ICEECE2012 Poster Presentations Clinical case reports - Thyroid/Others (81 abstracts)
Atypical manifestations of hyperthyroidism include hematological, cardiovascular, dermatological manifestation. Especially single lineage abnormalities such as anemia (34%), leukopenia (5.8%), thrombocytopenia (3.3%) are reported, but pancytopenia is a rare presentation of hyperthyroidism. The suspected etiologic mechanisms include ineffective hematopoiesis, reduction in blood cell life span, autoimmune process, toxicity of thyroid hormone.

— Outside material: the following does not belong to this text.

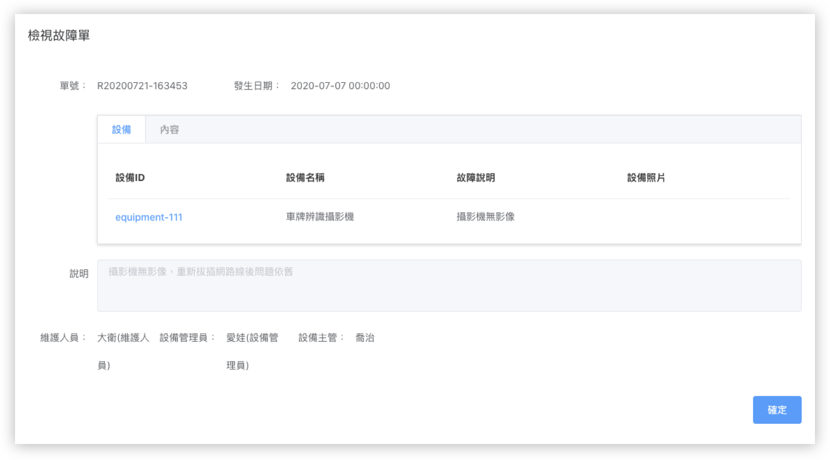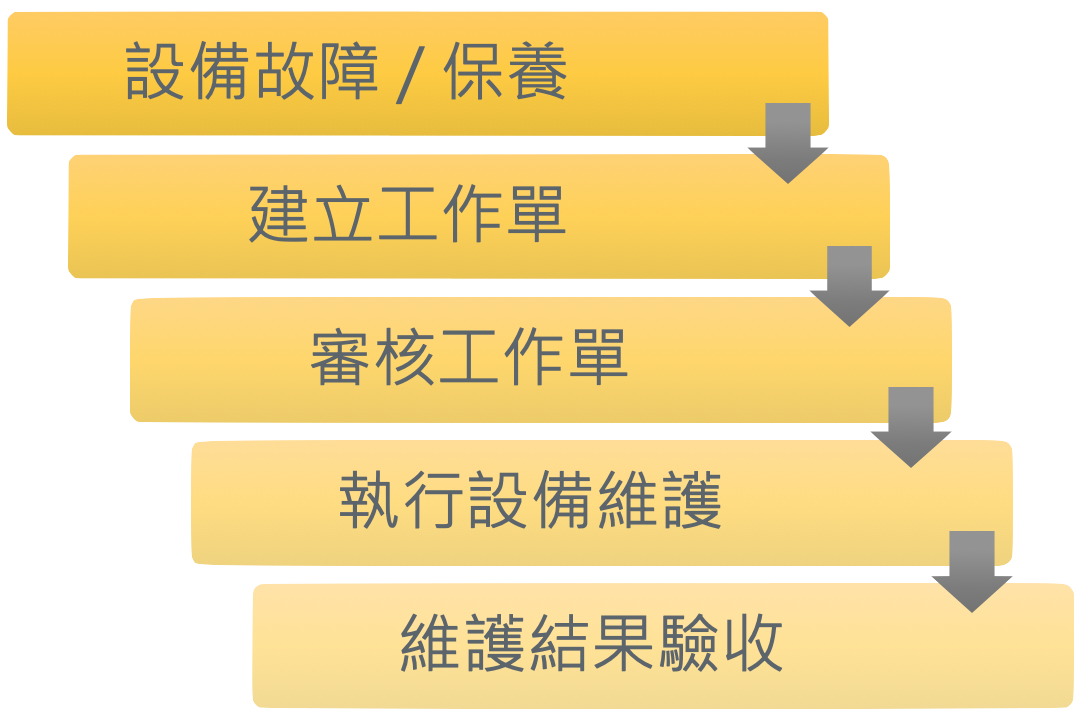 設備發生故障時,以最快時間發出工作單,並提供維護人員工作 SOP 以提升工作效、減少工安意外,使設備能於最短時間內恢復正常工作狀態。

We report a case of pancytopenia that was precipitated by hyperthyroidism. A 69-year-old woman presented to emergency department with more than 2 months history of general weakness, easy fatigability, weight loss of 12 kg. She took no regular medications and had no significant past medical history or family history. Laboratory data on admission were as follows: WBC 3.12 K/ul, Hb 8.4 g/dl, PLT 17 K/ul, thyroid function tests showed abnormally high concentrations of free T4 (FT4) and total T3 (TT3)(FT4: 51.64 pmol/l, TT3: 4.58 nmol/l) with a TSH concentration below the detection limit. TRAb 264.2 U/l, anti-Tgn 773.1 u/ml, anti-TPO 3000 u/ml. Thyroid ultrasound and thyroid scan (Tc-99 m) suggested diffuse thyroiditis. Abdominal ultrasonogram showed no abnormal findings including hepatosplenomegaly. Normocellular marrow was noted in Bone marrow aspiration and biopsy. From these results, the patient was diagnosed with pancytopenia with primary hyperthyroidism. She was started on propylthiouracil 100 mg qd, propanolol 40 mg bid and parenteral dexamethasone 1 mg bid. FT4 and TT3 levels decreased gradually and pancytopenia improved after 2 weeks (TSH <0.16 mu/l, FT4 24.42 pmol/l, TT3 2.34 nmol/l).
Declaration of interest: The authors declare that there is no conflict of interest that could be perceived as prejudicing the impartiality of the research project.
Funding: This research did not receive any specific grant from any funding agency in the public, commercial or not-for-profit sector.